_TASK ITEM_
The reply must consist of the complete listing, reproduced exactly, with no images included.

Top of DATA EXTRACT

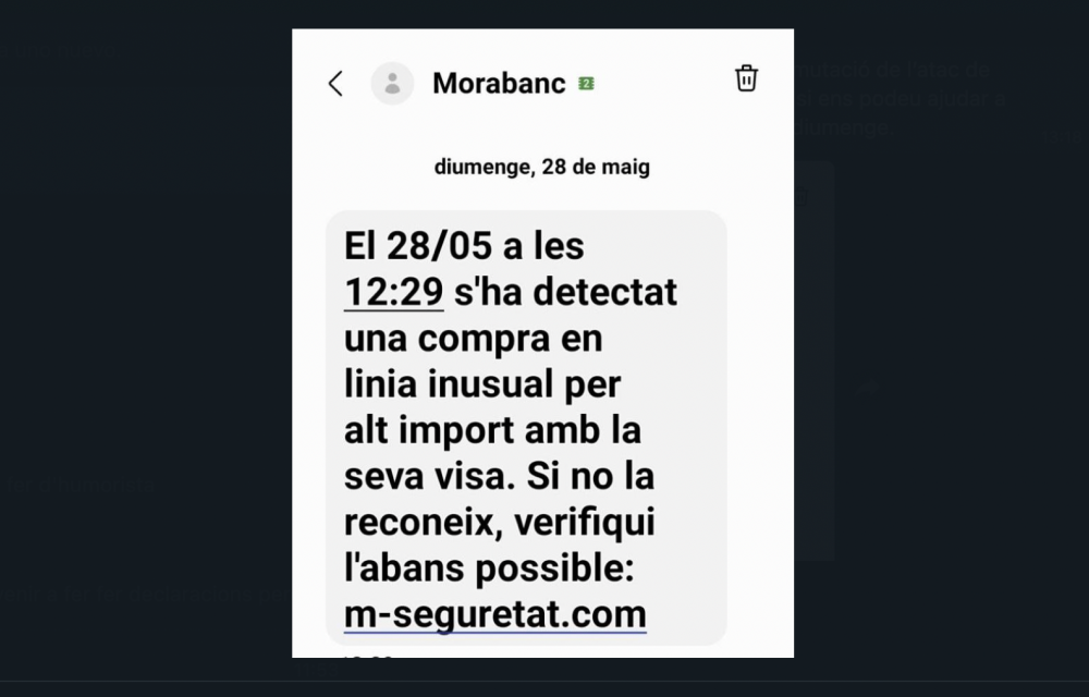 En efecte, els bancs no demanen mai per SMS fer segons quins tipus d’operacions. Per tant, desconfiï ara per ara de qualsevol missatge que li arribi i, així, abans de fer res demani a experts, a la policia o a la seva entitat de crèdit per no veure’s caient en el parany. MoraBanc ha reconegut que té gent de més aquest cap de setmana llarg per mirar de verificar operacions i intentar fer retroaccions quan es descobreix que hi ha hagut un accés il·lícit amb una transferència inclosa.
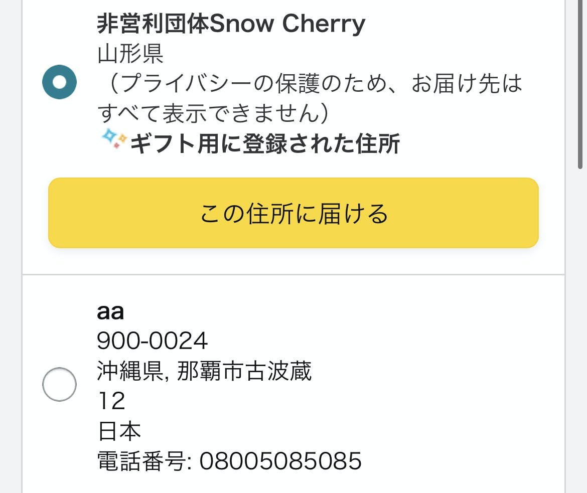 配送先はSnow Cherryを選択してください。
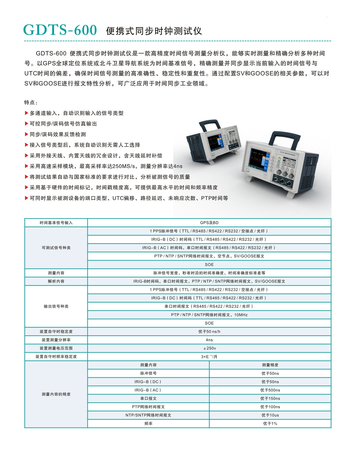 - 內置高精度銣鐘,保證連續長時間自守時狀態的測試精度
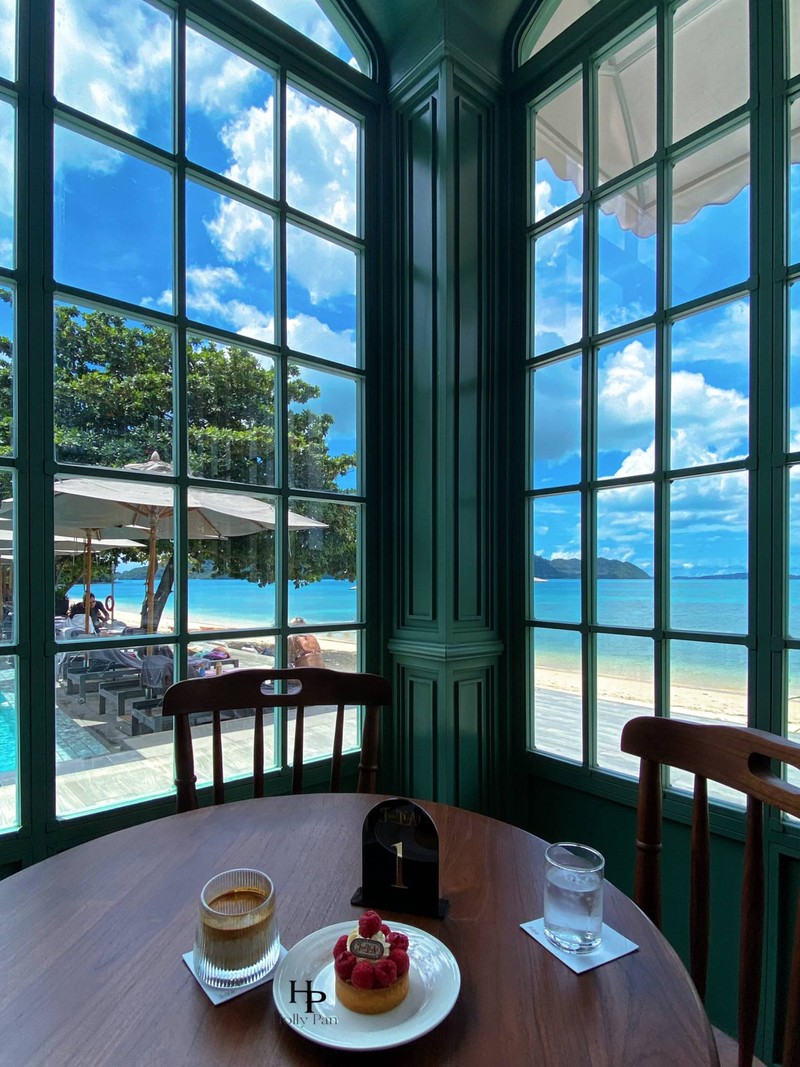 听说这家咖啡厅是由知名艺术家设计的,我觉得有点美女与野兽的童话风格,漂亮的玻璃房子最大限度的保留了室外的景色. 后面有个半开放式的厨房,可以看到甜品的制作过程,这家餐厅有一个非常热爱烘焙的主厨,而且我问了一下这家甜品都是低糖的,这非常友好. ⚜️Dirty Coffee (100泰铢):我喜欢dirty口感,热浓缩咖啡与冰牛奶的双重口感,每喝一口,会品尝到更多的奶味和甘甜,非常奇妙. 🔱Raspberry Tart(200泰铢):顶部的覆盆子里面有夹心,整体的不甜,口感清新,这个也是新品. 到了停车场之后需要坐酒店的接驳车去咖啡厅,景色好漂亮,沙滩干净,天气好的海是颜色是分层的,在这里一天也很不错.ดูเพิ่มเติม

Bottom of DATA EXTRACT

_WORKED SOLUTION_
 En efecte, els bancs no demanen mai per SMS fer segons quins tipus d’operacions. Per tant, desconfiï ara per ara de qualsevol missatge que li arribi i, així, abans de fer res demani a experts, a la policia o a la seva entitat de crèdit per no veure’s caient en el parany. MoraBanc ha reconegut que té gent de més aquest cap de setmana llarg per mirar de verificar operacions i intentar fer retroaccions quan es descobreix que hi ha hagut un accés il·lícit amb una transferència inclosa.
 配送先はSnow Cherryを選択してください。
 - 內置高精度銣鐘,保證連續長時間自守時狀態的測試精度
 听说这家咖啡厅是由知名艺术家设计的,我觉得有点美女与野兽的童话风格,漂亮的玻璃房子最大限度的保留了室外的景色. 后面有个半开放式的厨房,可以看到甜品的制作过程,这家餐厅有一个非常热爱烘焙的主厨,而且我问了一下这家甜品都是低糖的,这非常友好. ⚜️Dirty Coffee (100泰铢):我喜欢dirty口感,热浓缩咖啡与冰牛奶的双重口感,每喝一口,会品尝到更多的奶味和甘甜,非常奇妙. 🔱Raspberry Tart(200泰铢):顶部的覆盆子里面有夹心,整体的不甜,口感清新,这个也是新品. 到了停车场之后需要坐酒店的接驳车去咖啡厅,景色好漂亮,沙滩干净,天气好的海是颜色是分层的,在这里一天也很不错.ดูเพิ่มเติม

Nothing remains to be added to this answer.